Find the line holding "Dưới đây sẽ" in the entries below. Give it again exactly, along with every line after it up to and including the line holding "Use estimation to".

**RECORDS PROVIDED**
★ ★ ★ ★

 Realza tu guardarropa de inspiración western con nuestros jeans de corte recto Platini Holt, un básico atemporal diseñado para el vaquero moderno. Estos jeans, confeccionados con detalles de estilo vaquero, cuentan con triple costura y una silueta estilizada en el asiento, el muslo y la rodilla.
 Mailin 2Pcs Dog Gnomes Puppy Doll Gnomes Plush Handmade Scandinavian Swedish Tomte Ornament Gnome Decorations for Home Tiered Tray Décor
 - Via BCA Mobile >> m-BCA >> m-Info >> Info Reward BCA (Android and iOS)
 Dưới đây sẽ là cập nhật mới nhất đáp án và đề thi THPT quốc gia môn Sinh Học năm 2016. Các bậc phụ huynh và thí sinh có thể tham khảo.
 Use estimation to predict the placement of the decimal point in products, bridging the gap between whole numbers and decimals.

★ ★ ★ ★

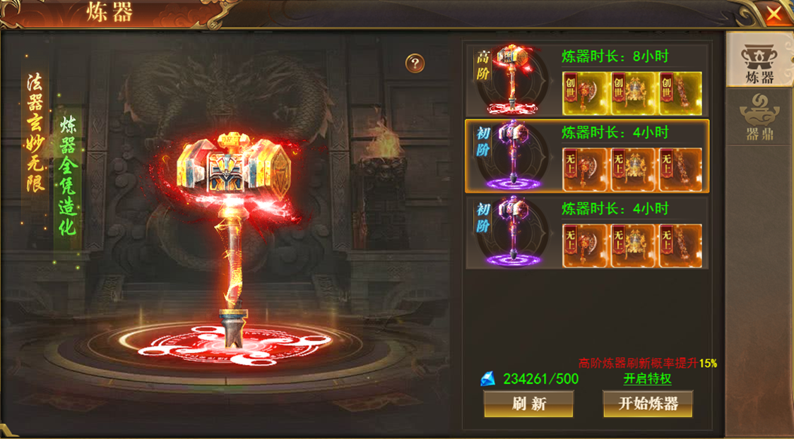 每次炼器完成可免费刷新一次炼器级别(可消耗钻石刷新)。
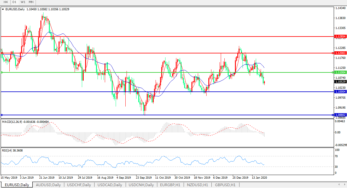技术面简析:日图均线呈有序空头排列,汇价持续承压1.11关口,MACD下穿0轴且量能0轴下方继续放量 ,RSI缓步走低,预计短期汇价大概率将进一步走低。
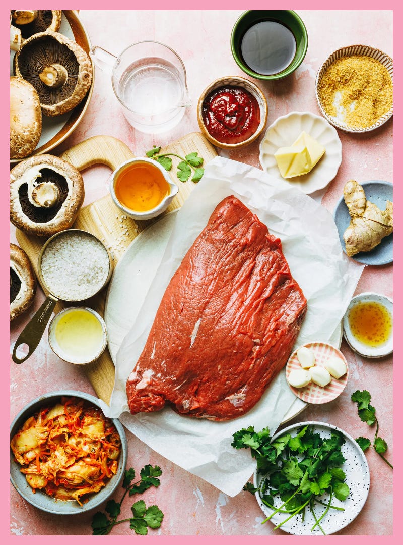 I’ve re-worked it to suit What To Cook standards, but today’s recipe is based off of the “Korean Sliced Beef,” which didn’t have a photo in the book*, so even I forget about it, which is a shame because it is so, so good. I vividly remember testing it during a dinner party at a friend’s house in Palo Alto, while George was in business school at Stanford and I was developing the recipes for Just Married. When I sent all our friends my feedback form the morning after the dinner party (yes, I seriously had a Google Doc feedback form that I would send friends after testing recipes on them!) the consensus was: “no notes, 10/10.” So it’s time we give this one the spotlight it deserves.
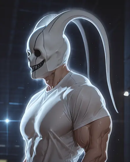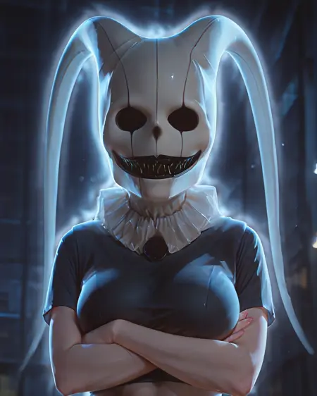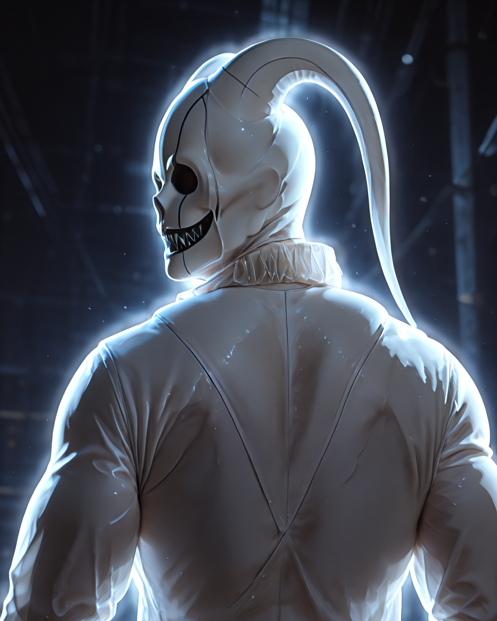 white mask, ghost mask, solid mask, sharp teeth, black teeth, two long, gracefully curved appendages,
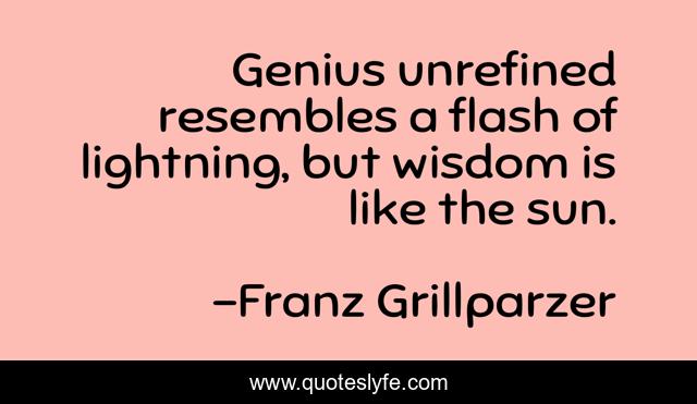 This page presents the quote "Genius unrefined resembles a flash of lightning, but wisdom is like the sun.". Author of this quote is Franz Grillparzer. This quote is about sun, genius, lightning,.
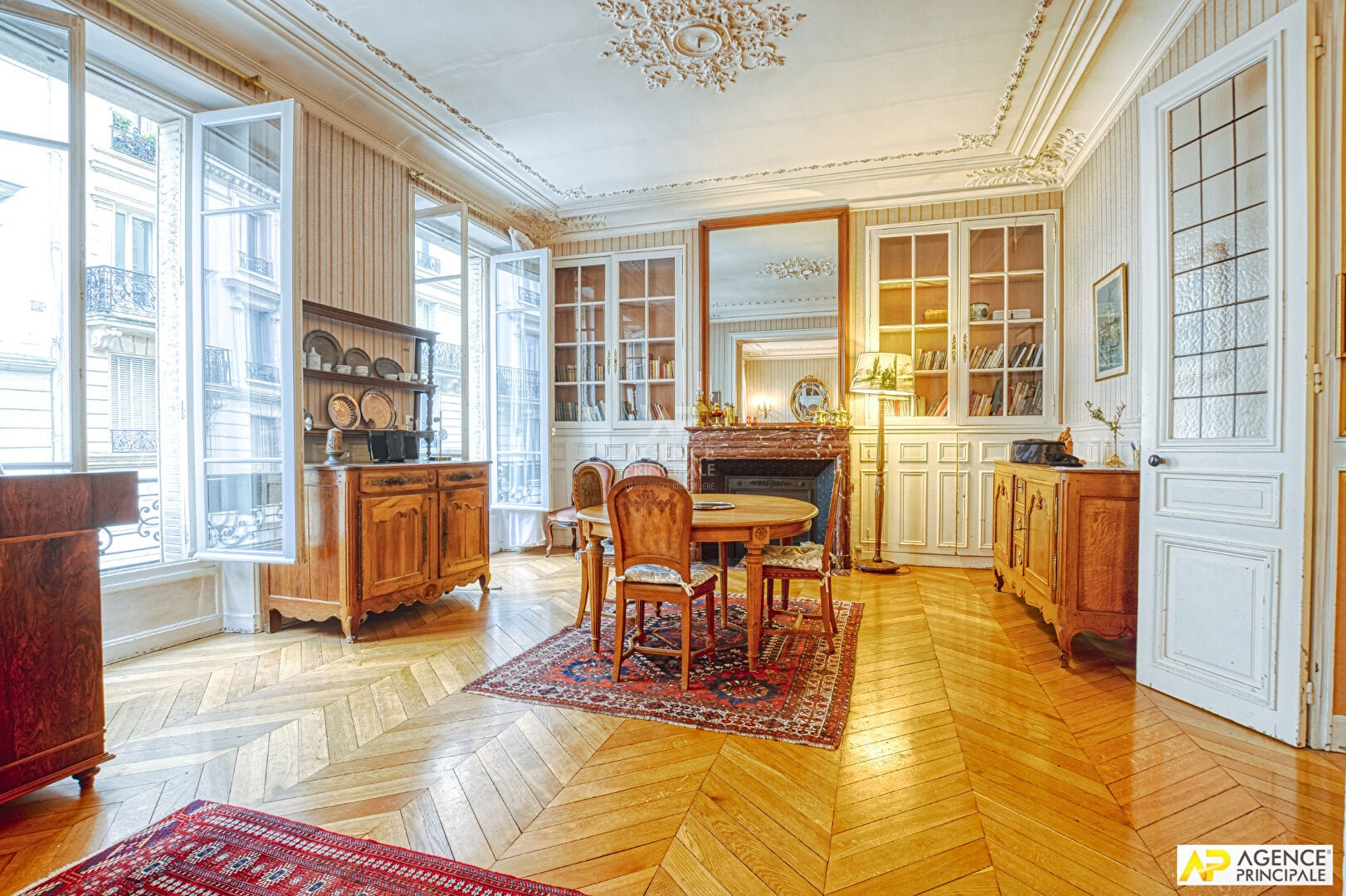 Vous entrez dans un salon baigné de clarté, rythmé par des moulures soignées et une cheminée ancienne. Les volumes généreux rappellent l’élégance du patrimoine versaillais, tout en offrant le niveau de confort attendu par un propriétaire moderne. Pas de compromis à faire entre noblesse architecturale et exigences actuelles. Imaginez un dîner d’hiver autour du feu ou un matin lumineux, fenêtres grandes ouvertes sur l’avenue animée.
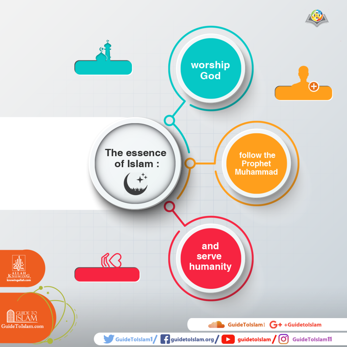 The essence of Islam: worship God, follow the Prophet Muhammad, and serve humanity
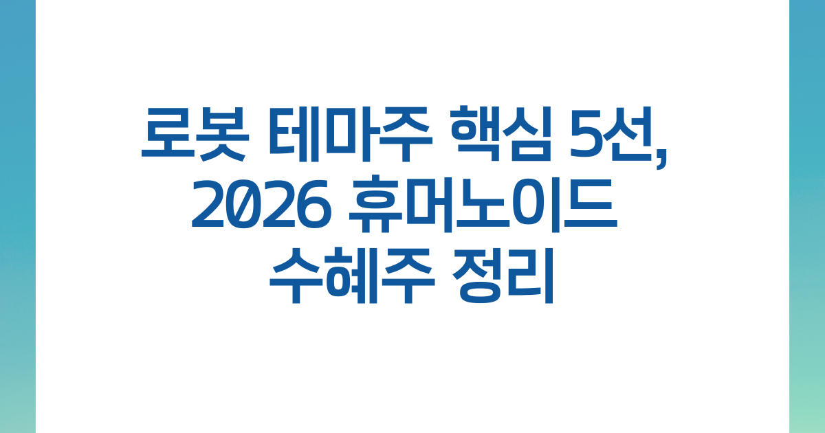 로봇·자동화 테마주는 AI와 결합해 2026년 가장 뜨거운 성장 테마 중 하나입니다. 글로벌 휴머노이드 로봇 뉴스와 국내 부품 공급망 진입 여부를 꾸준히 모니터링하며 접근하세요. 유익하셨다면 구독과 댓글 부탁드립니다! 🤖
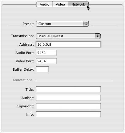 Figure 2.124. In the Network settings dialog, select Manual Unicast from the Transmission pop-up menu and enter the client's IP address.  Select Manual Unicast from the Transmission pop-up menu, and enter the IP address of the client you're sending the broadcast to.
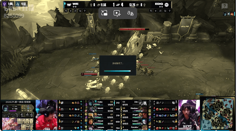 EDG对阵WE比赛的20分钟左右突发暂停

★ ★ ★ ★

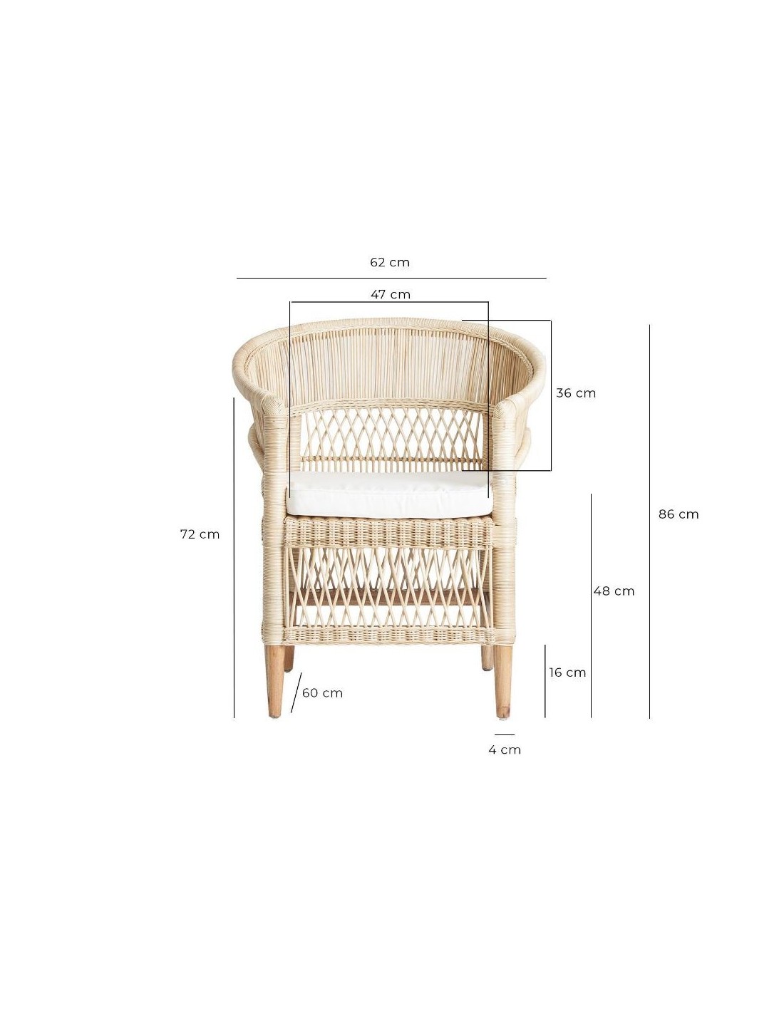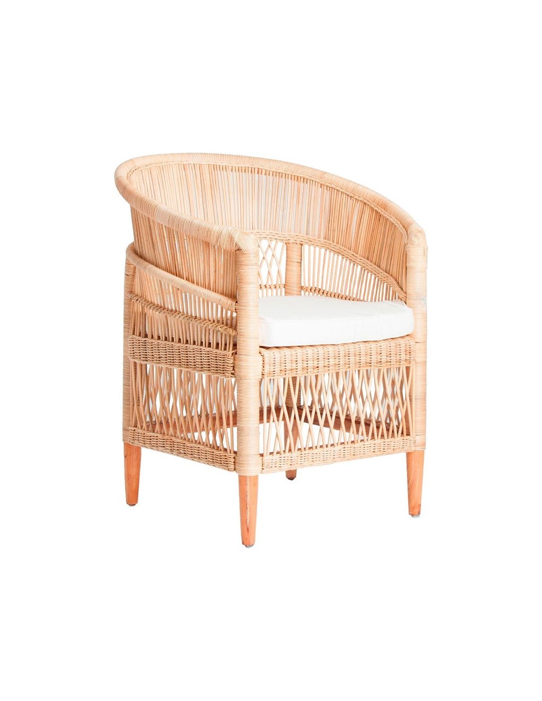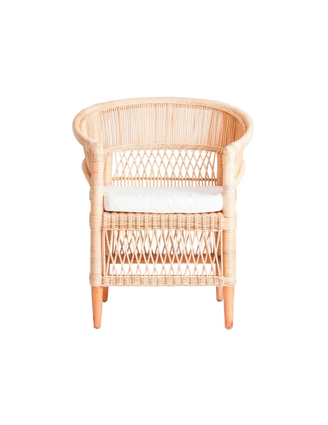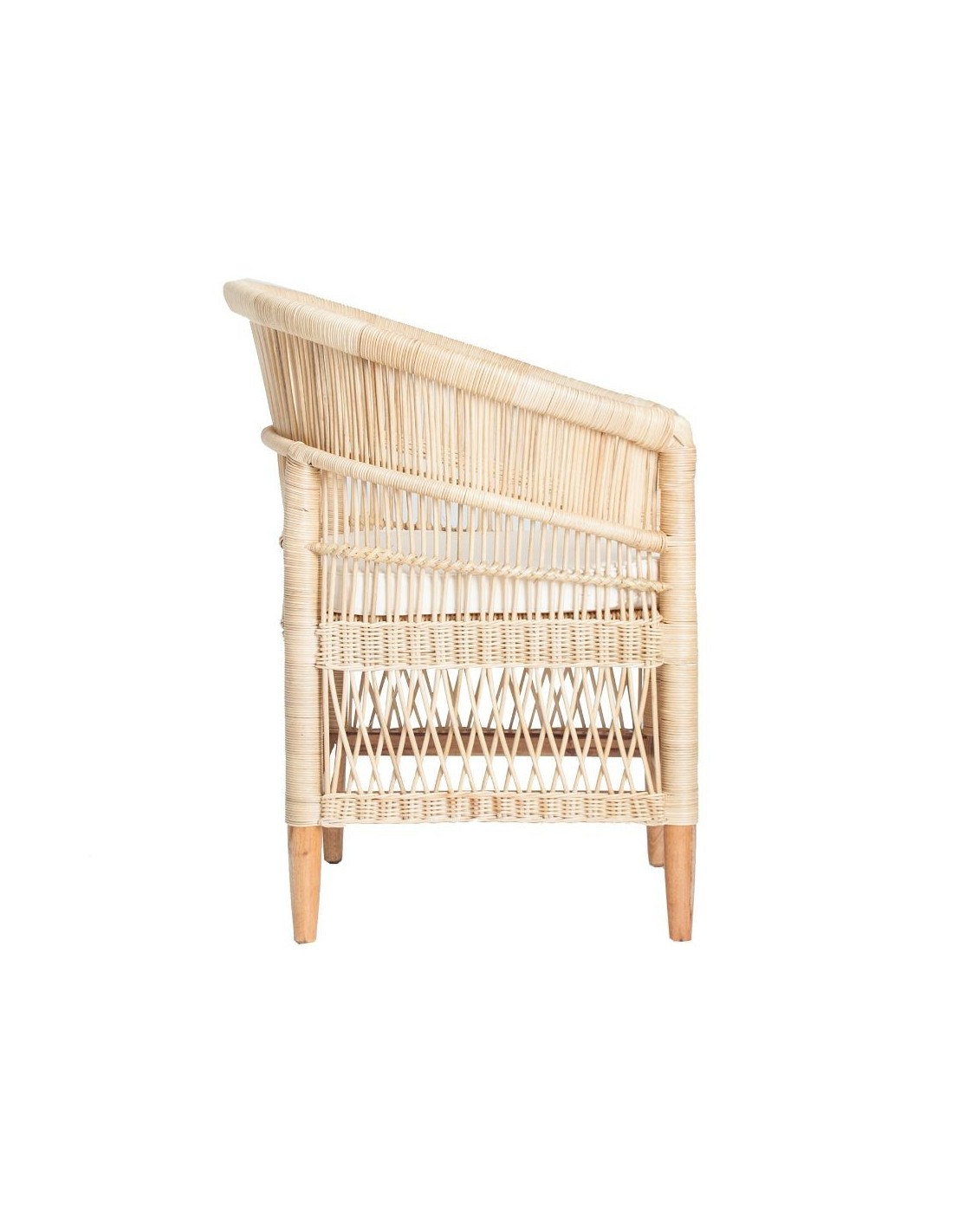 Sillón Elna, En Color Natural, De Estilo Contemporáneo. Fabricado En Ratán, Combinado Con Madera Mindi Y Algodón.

★ ★ ★ ★

**OUTPUT FOR THIS EXERCISE**
 Dưới đây sẽ là cập nhật mới nhất đáp án và đề thi THPT quốc gia môn Sinh Học năm 2016. Các bậc phụ huynh và thí sinh có thể tham khảo.
 Use estimation to predict the placement of the decimal point in products, bridging the gap between whole numbers and decimals.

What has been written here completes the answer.